Given data |
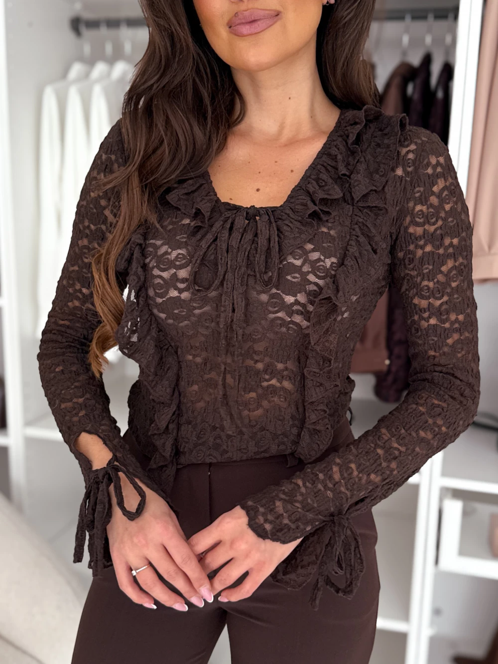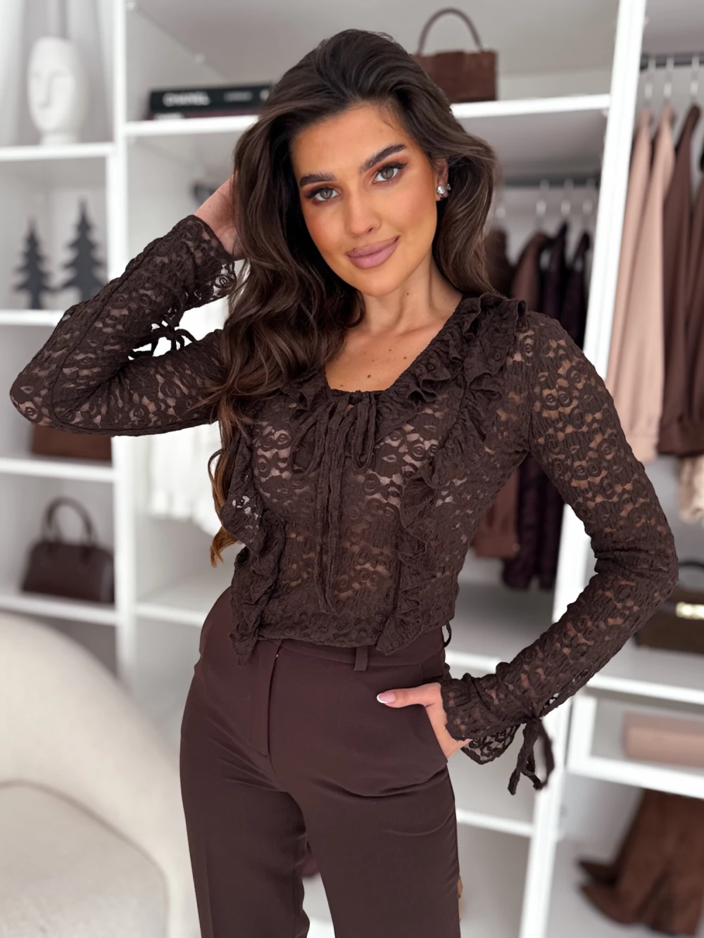 Bluzka koronkowa z ozdobnym dekoltem czekoladowa Dalia
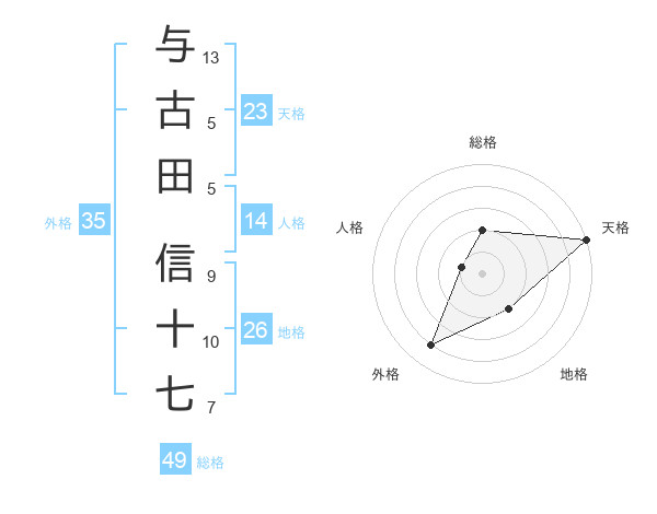与古田 信十七さんを姓名の画数から五運を鑑定
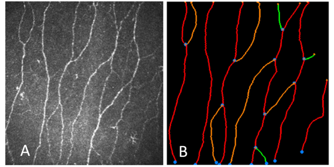 Segmentation of corneal nerves from in vivo confocal microscopy images. Major nerves (red) are identified based on tortuosity in contract to larger (orange and minor (green) branching nerves. Segmentation is the first step to quantitative nerve evaluation in relationship to the disease.
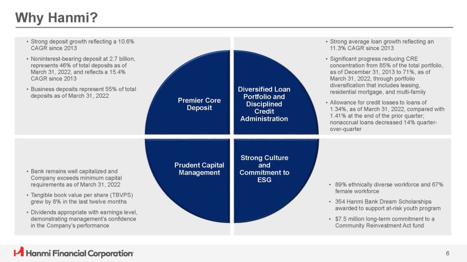 The Hanmi Story “For 40 years, we have been dedicated to helping our stakeholders bank on their dreams . Our close customer partnerships , along with our deep community ties , have enabled Hanmi to grow and flourish and position us exceptionally well for the next 40 years.” 1982 1988 2001 2004 Acquired Pacific Union Bank ($1.2B in assets acquired) 2016 Acquired Commercial Equipment Leasing Division (CELD) 2007 Completed $70 million secondary common stock offering First Korean American Bank in the U.S. Acquired Central Bancorp, Inc. ($1.3B in assets acquired) Began offering SBA loans; Listed HAFC common stock Acquired First Global Bank 2013 2014 2017 2018 2019 2020 5 Opened Chinatown branch in Houston, Texas Embarked on mortgage & digital banking initiatives Bonnie Lee appointed as the new CEO C.G. Kum appointed as the new CEO; Bonnie Lee appointed as the new COO Assets surpassed $5 billion; Opened a Manhattan, NY branch
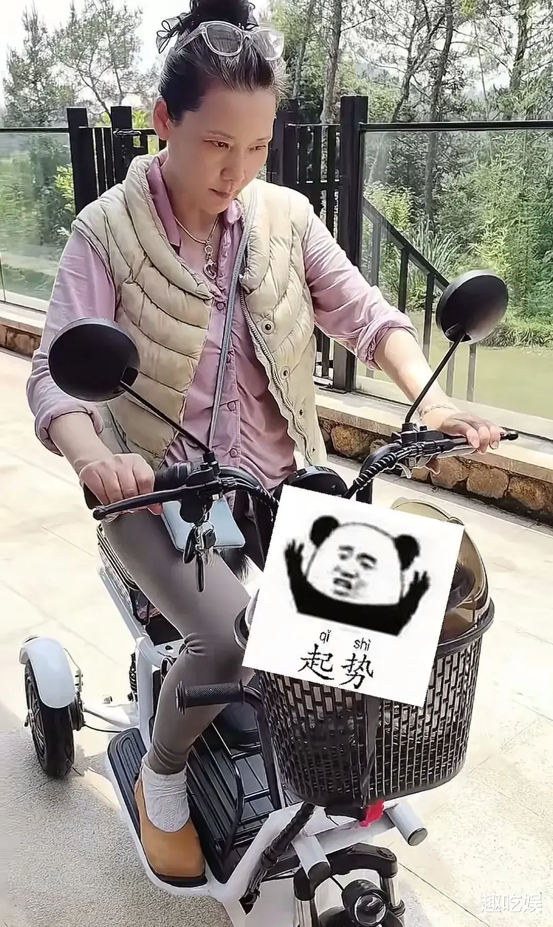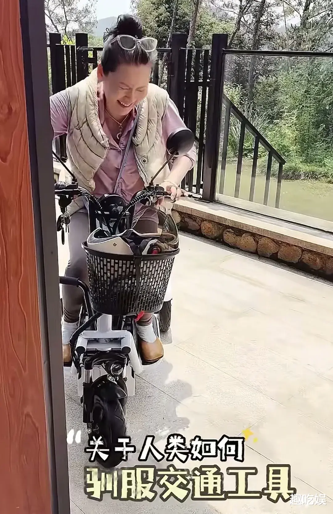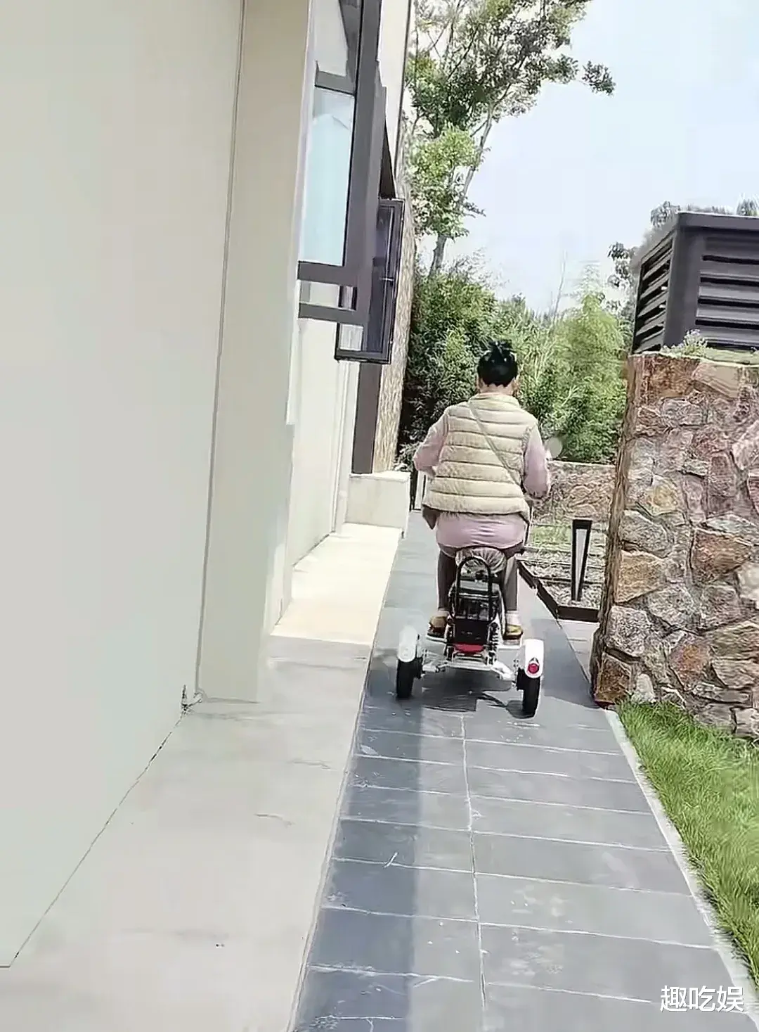 近日,何赛飞在社交平台上发布了自己在别墅里学习骑电动三轮车的日常视频。
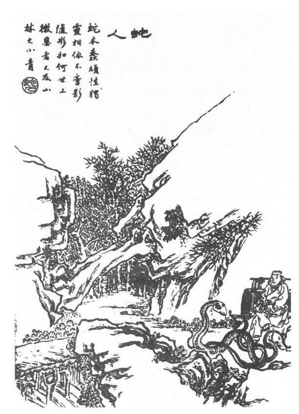 一夜寄宿山寺。既明启笥,二青亦渺,蛇人怅恨欲死。冥搜亟呼,迄无影兆。然每至丰林茂草,辄纵之去,俾得自适,寻复返;以此故冀其自至。坐伺之,日既高,亦已绝望,怏怏遂行。出门数武,闻丛薪错楚中窸窣作响,停趾愕顾,则二青来也。大喜,如获拱璧。息肩路隅,蛇亦顿止。视其后,小蛇从焉。抚之曰:“我以汝为逝矣。小侣而所荐耶?”出饵饲之,兼饲小蛇。小蛇虽不去,然瑟缩不敢食。二青含哺之,宛似主人之让客者。蛇人又饲之,乃食。食已,随二青俱入笥中。荷去教之旋折,辄中规矩,与二青无少异,因名之小青。衒技四方,获利无算。
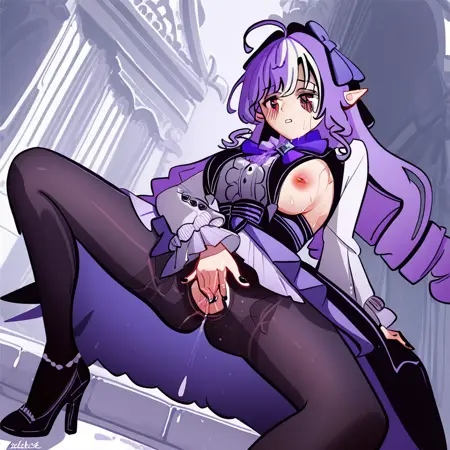 (ZZZ_Banshee, long hair, multicolored hair, streaked hair, white hair, purple hair, drill hair, red eyes, pointy ears, ahoge, bangs, black nails, dress, frills, long sleeves, purple bow, sideboob, clothing cutout, pantyhose, high heels),
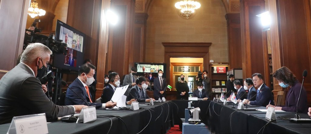 문 대통령은 인사말에서 "미국과 한국은 서로에게 가장 중요한 투자 파트너"라며 "최근 코로나 위기로 경제협력의 중요성이 더욱 커졌다"고 평가했다.
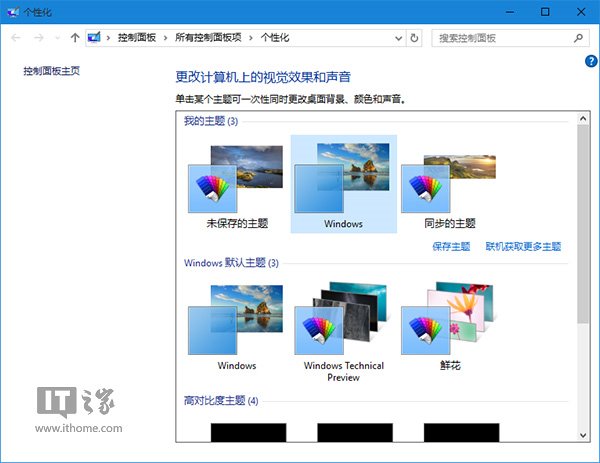 若想回到Win10默认标题栏样式,切换到其他任何默认主题即可。
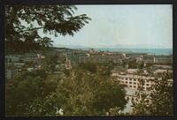 Tarjeta Postal con vista parcial de una parte de la ciudad de Mayaguez en Puerto Rico. Foto de Herbert E. Miller. En el reverso de la postal aparece un mensaje en español de Gitanita para José Pérez, un sello postal y un cuño casi borroso.
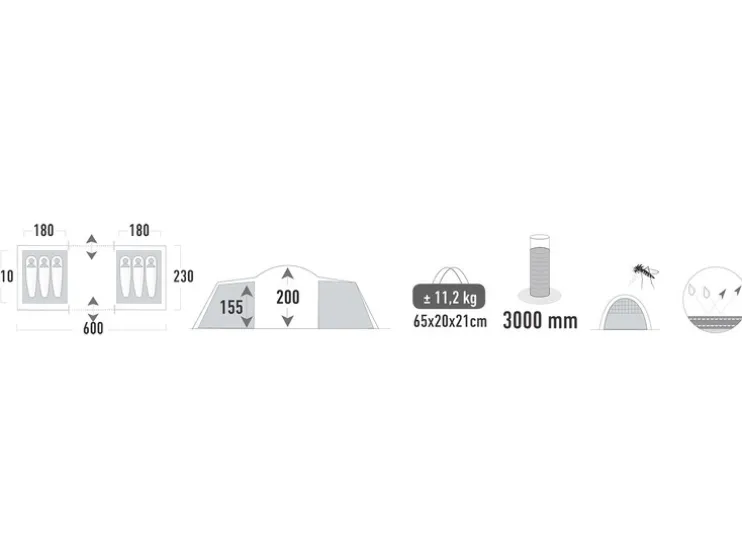De HIGH PEAK Borgholm 6.0 is een veelzijdige en ruime 6-persoons familietent, ontworpen voor comfort, privacy en een aangenaam binnenklimaat. Dankzij de 2 tegenover elkaar geplaatste slaapcabines biedt deze tent volop ruimte voor gezinnen of groepen, met een centrale leefruimte waar je gemakkelijk een tafel en zes stoelen kwijt kunt.
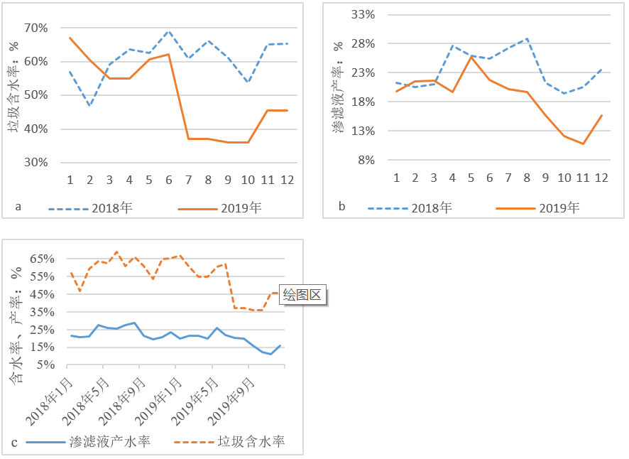 圖9 2018年-2019年生活垃圾分類前后垃圾含水率、滲濾液產(chǎn)率及兩者變化趨勢
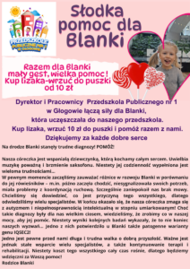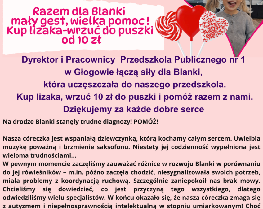 w dniach od poniedziałku do czwartku, podczas obchodów Dni Babci i Dziadka w naszym przedszkolu i żłobku, zapraszamy Was do udziału w małej, ale bardzo ważnej akcji charytatywnej. Pomagamy Blance, która przez rok była częścią naszej przedszkolnej społeczności. Blanka zmaga się z wieloma przeciwnościami, m.in. z autyzmem, a jej codzienność oraz leczenie wymagają ogromnego zaangażowania i wsparcia finansowego.
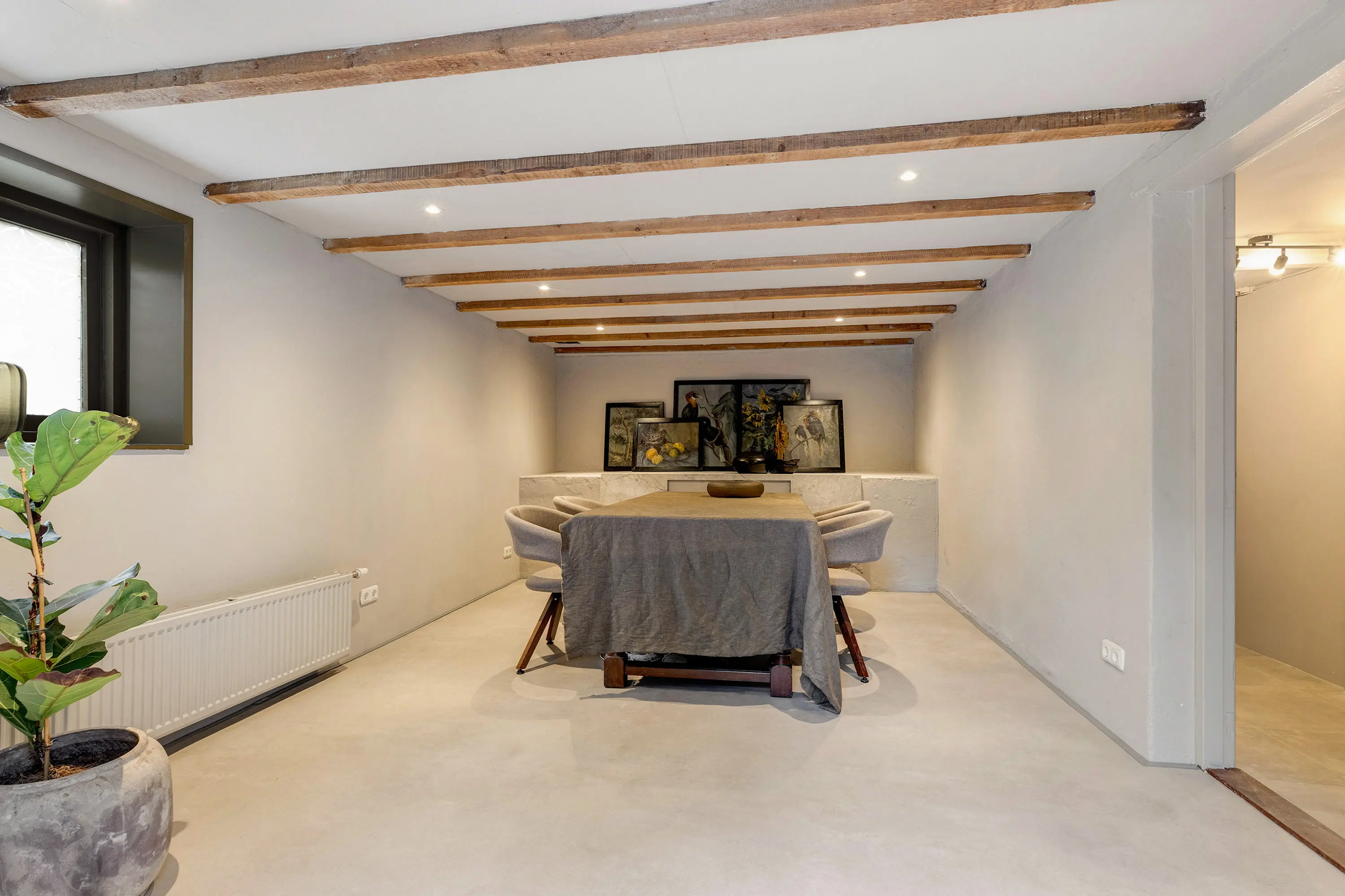 Het onderhuis is praktisch en stijlvol ingericht met een nieuwe keuken voorzien van hetzelfde marmeren aanrechtblad als op de woonverdieping. Er is een handige kast voor wasmachine en droger plus extra bergkast. Deze ruimte is ideaal als hobbyruimte, werkplek of tweede leefruimte.
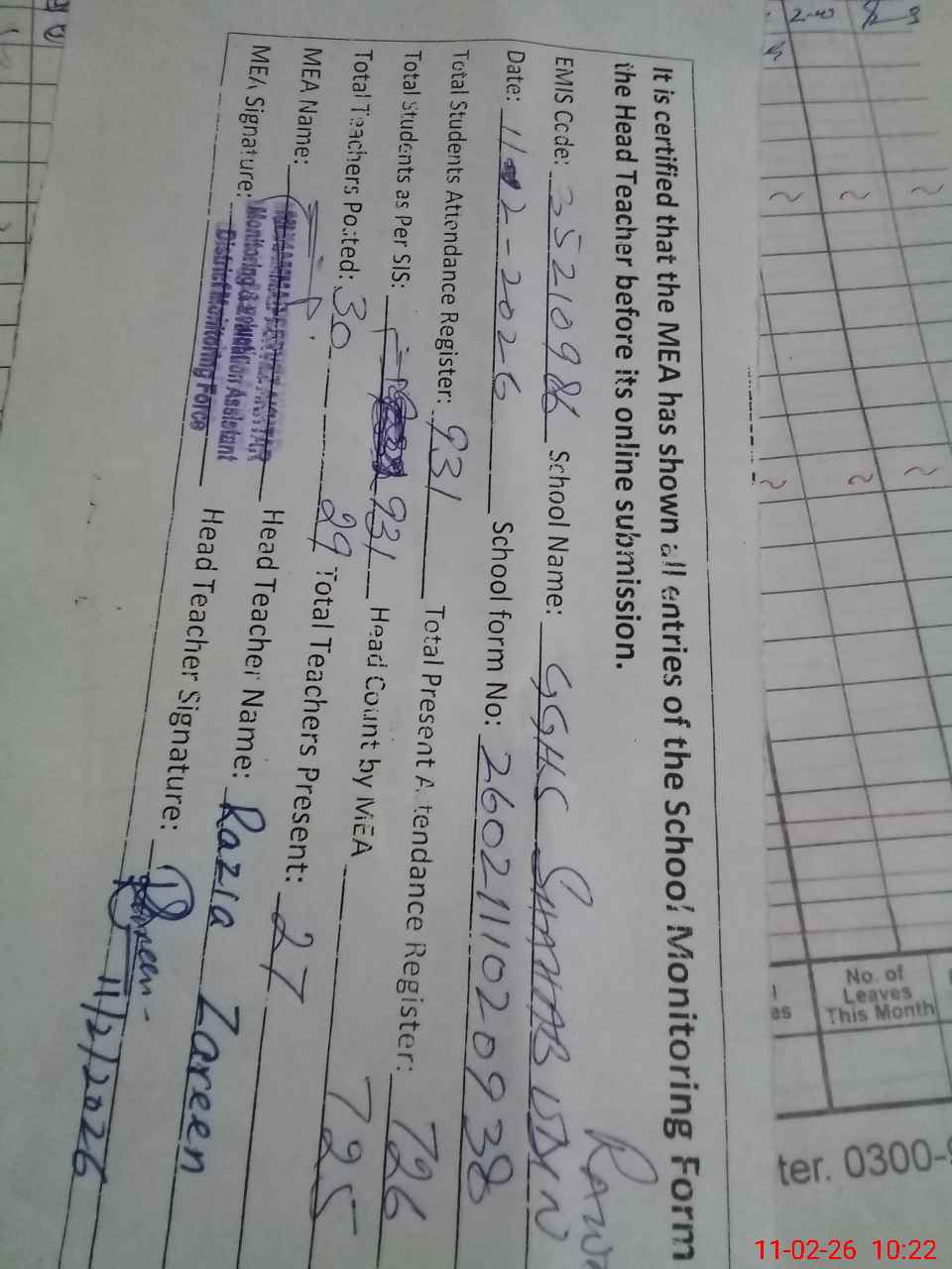 | Monitoring Date: 11-02-2026 | Start Time: 11-02-2026 09:20 AM | End Time: 11-02-2026 10:22 AM | Name of MEA: M.**** AK**** | |

Exercise description | Extract the lines exactly, please: the first line of the listing, the line with "一夜寄宿山寺。既明启笥,二青", and every line between them, but no pictures.

Exercise response |
 Bluzka koronkowa z ozdobnym dekoltem czekoladowa Dalia
与古田 信十七さんを姓名の画数から五運を鑑定
 Segmentation of corneal nerves from in vivo confocal microscopy images. Major nerves (red) are identified based on tortuosity in contract to larger (orange and minor (green) branching nerves. Segmentation is the first step to quantitative nerve evaluation in relationship to the disease.
 The Hanmi Story “For 40 years, we have been dedicated to helping our stakeholders bank on their dreams . Our close customer partnerships , along with our deep community ties , have enabled Hanmi to grow and flourish and position us exceptionally well for the next 40 years.” 1982 1988 2001 2004 Acquired Pacific Union Bank ($1.2B in assets acquired) 2016 Acquired Commercial Equipment Leasing Division (CELD) 2007 Completed $70 million secondary common stock offering First Korean American Bank in the U.S. Acquired Central Bancorp, Inc. ($1.3B in assets acquired) Began offering SBA loans; Listed HAFC common stock Acquired First Global Bank 2013 2014 2017 2018 2019 2020 5 Opened Chinatown branch in Houston, Texas Embarked on mortgage & digital banking initiatives Bonnie Lee appointed as the new CEO C.G. Kum appointed as the new CEO; Bonnie Lee appointed as the new COO Assets surpassed $5 billion; Opened a Manhattan, NY branch
 近日,何赛飞在社交平台上发布了自己在别墅里学习骑电动三轮车的日常视频。
 一夜寄宿山寺。既明启笥,二青亦渺,蛇人怅恨欲死。冥搜亟呼,迄无影兆。然每至丰林茂草,辄纵之去,俾得自适,寻复返;以此故冀其自至。坐伺之,日既高,亦已绝望,怏怏遂行。出门数武,闻丛薪错楚中窸窣作响,停趾愕顾,则二青来也。大喜,如获拱璧。息肩路隅,蛇亦顿止。视其后,小蛇从焉。抚之曰:“我以汝为逝矣。小侣而所荐耶?”出饵饲之,兼饲小蛇。小蛇虽不去,然瑟缩不敢食。二青含哺之,宛似主人之让客者。蛇人又饲之,乃食。食已,随二青俱入笥中。荷去教之旋折,辄中规矩,与二青无少异,因名之小青。衒技四方,获利无算。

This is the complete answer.